What Steve didn't lose however was his reputation in the world of American soccer.
After losing his way in the UK game, he moved to America in 2003 to become player coach with Shell Shockers, and helped guide the team to the conference championship in their inaugural season. Following the hurricane, the club was temporarily out of business and after finding a new home in Atlanta, Steve was offered a job as head coach of the Indiana Invaders.
"This is my first manager's job and I'm really looking forward to it," he said. "I'm still only 33 and I have three years experience in coaching so I'm happy with the way things are going over here. "I could have stayed home, but I had the chance to come here and get ahead of the game.
"I've been given a great opportunity here and I'm even doing some stuff for the national team."

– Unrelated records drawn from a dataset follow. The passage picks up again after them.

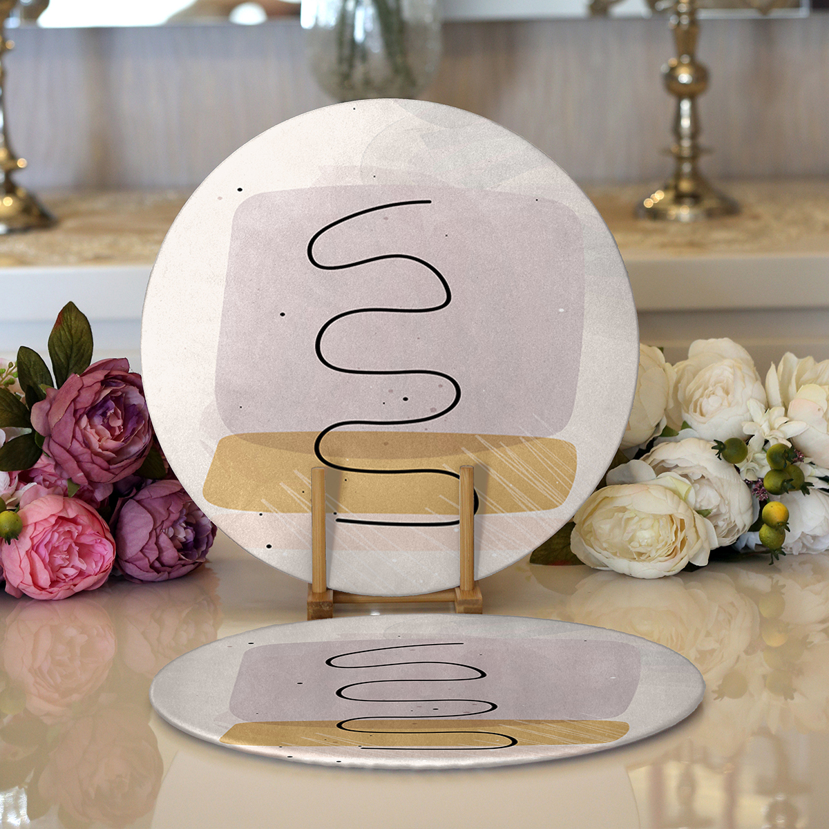 Realhomes Renkli Onedraw Çizimli Dijital Baskılı Modern 2'li Yuvarlak Servis Altlığı - Supla Realhomes
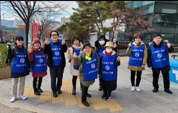 | ▲ 금천구 금연지도원들이 금연구역에서 합동점검을 한 후 기념촬영을 하고 있다. (사진=금천구청 제공) |
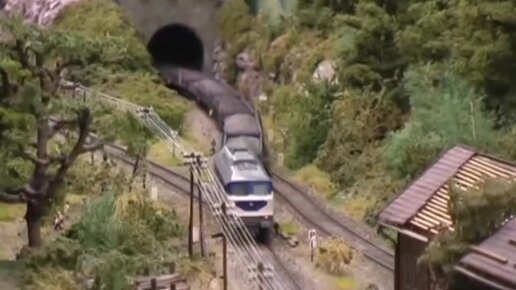 Макет в ТТ масштабе. Модели поездов движутся по макету. (1:120)

His first team responsibilities are just the tip of the iceberg as far as Steve's normal working day goes. He is on the training pitch from nine in the morning to, sometimes, nine at night working with the club's youth teams. This is a lesson he feels should be learned in Scotland.
"In my academy alone I've got 700 kids between the ages of eight and 18, and that's huge compared to back home," he said. "Youth development is at the forefront of everything over here, it's more important than the results. "I spend the whole day on the field with my youth teams, under 10s right through to the first team and they all come in at different times. "That's what annoys me about some of the coaches back home. "They come in for a couple of hours and then go home. They don't put the time and effort in that's needed to develop a club.

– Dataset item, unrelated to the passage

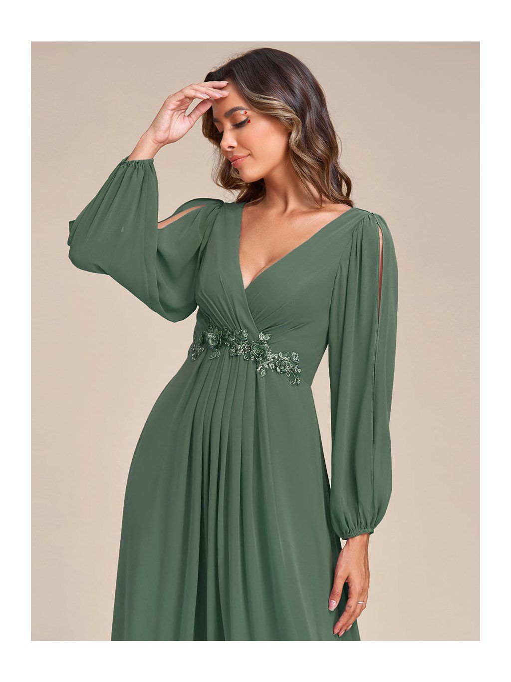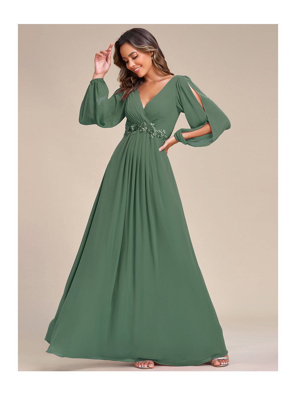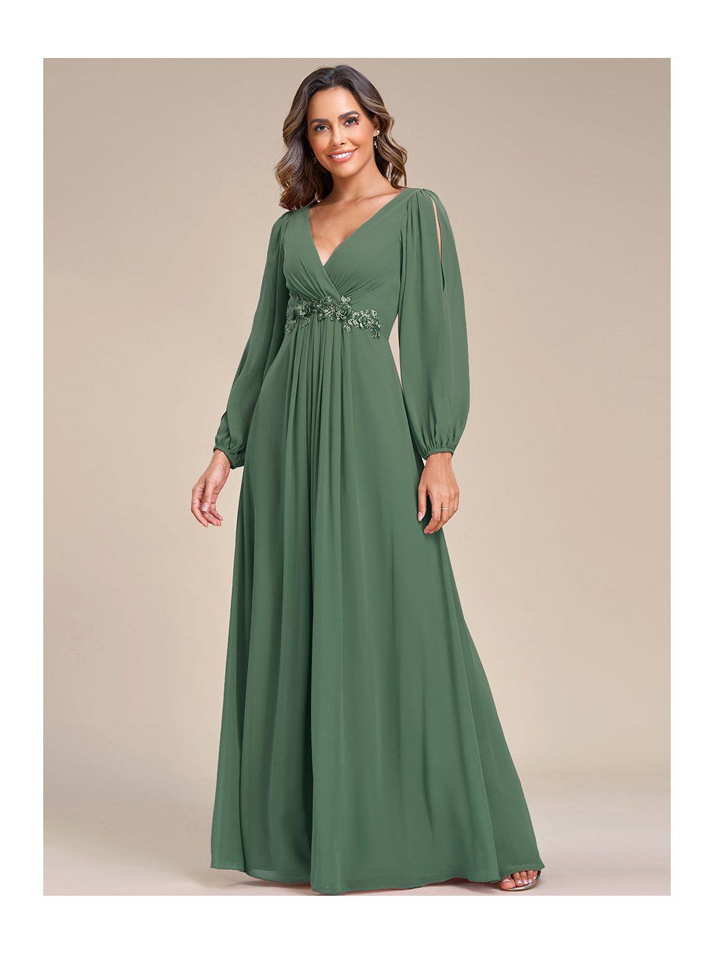 Dlouhé zelené šifonové šaty s rukávy na svatbu

"If manager's are not putting the hours in on the training field then they are not doing their job properly."
While his League Cup winning exploits and subsequent European adventure at Raith are now firmly in his past, Steve rememebers his time in Kirkcaldy as fondly as you would expect. He picked up Player of the Year, Supporter's Player of the Year and Player's Player of the Year honours in his last full season. However, he left just one month before the club's most famous match against Bayern Munich as English giants Bolton payed a record £900,000 for his services in September 1995.

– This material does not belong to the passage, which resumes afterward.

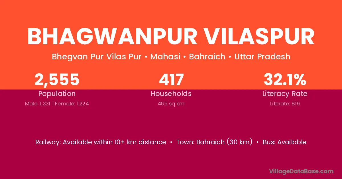 Bahraich (30 km) is the nearest town to Bhagwanpur Vilaspur village for major economic activities and is located approximately 30 km away.

"My first love is Raith Rovers - that's where my heart belongs," Steve said. "I still have a daughter in Kirkcaldy and the Rovers' result is the first I look for on a Saturday night. "One of my friends sent over a DVD copy of the cup final recently. "I showed it to our youth players on the big screen at our complex all 700 of these American kids watched the game and couldn't believe it."
Steve's career started early – at the age of 15 – when the now-Manchester United manager Alex Ferguson signed him for Aberdeen. He enjoyed several seasons at Pittodrie before moving to Stockholm, Sweden to play for the Djurgarden IF when he was 21. Within a year he was back in Scotland and signed for Raith under Jimmy Nicholl at the start of the 1994-95 season. He went on to star in the most successful Rovers side in history, winning the Coca Cola Cup against Celtic at Ibrox and scoring a penalty in the shoot-out.
He made his record move to Bolton, and played 20 games in two years but he was sold to Fulham in 1997 for £100,000. He failed to make a mark and was loaned to Bradford before he was released in 2000.
Cambridge offered him a lifeline and he spent two seasons at the club before returning to Scotland to join Partick Thistle, although he never made a competitive start for the club. His next move would take him across the Atlantic, and he has been a player coach in the States for the past three years.
When quizzed about the possibility of a return to Scotland should the offer of a job in management come his way, Steve did not rule it out. "It's a great experience across here but if something worthwhile came up in Scotland then I would definitely look at it," he said.